I don't also love the idea of coding extra security via usergroup settings. If Bob is made an admin but Bob moves between wi-fi and cellular on their Chromebook, Bob should not get logged out each time this happens just because he's an admin - him having admin responsibilities may make it more likely he'll be accessing the site a lot when he's out and about (although he could use a VPN which might be nice).
It's quite a complex issue.
I think realistically we have only 3 reasonable configuration scenarios for a site, all currently supported in v10:
- No IP bind for sessions
- IP bound to first 3 octets, final octet is free
- IP bound to all 4 octets
When I thought more I realised we were never actually trying to make sure someone is on the same network. The situation of IP drift was designed for *transparent proxy servers*, which have similar IPs and are randomised. We found people were sometimes subjected to this. It's not the same thing.

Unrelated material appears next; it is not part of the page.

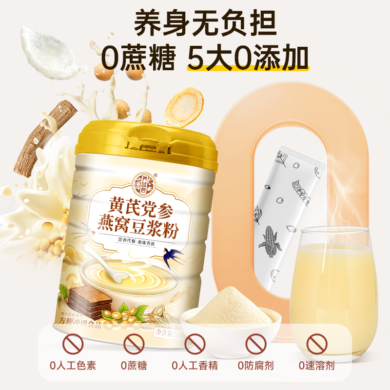 燕窝银耳黄芪党参豆浆粉官方旗舰店正品低脂无添加搭减肥无糖红枣
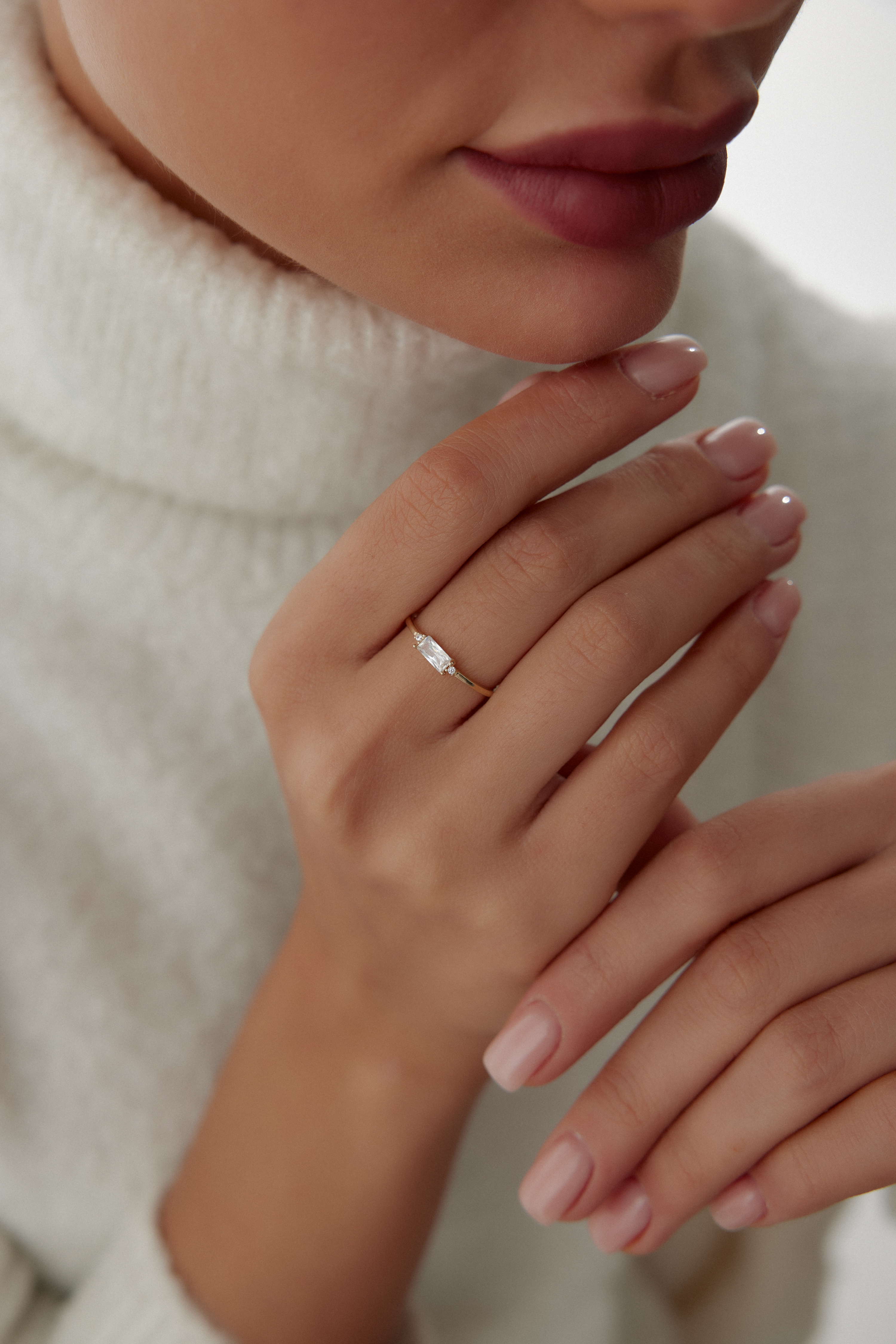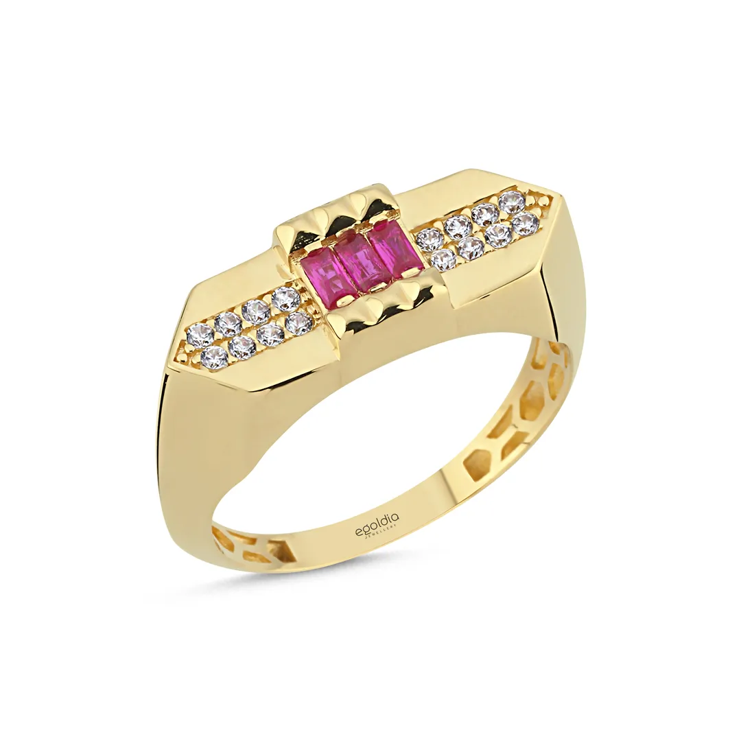 Sekizgen Beyaz Pembe Taşlı Yüzük

Most software doesn't bind IPs to sessions. So we already have extra security. And we already allow people to raise up or lower down the default as per the 3 scenarios I listed.
Adding extra network requirements for admins specifically, it's just not really reasonable in the real world because the limits people have are more to do with the context people find themselves in than who they are in terms of access. And I don't like adding more configuration and code complexity for a debatable improvement. And as I said, most software doesn't even have an IP restriction here. The key thing is session IDs should not be stealable, and in v11 we are protecting them even better.
Also of note is that if someone is logged out due to an IP change, they'll be logged right back in automatically if they had selected "remember me".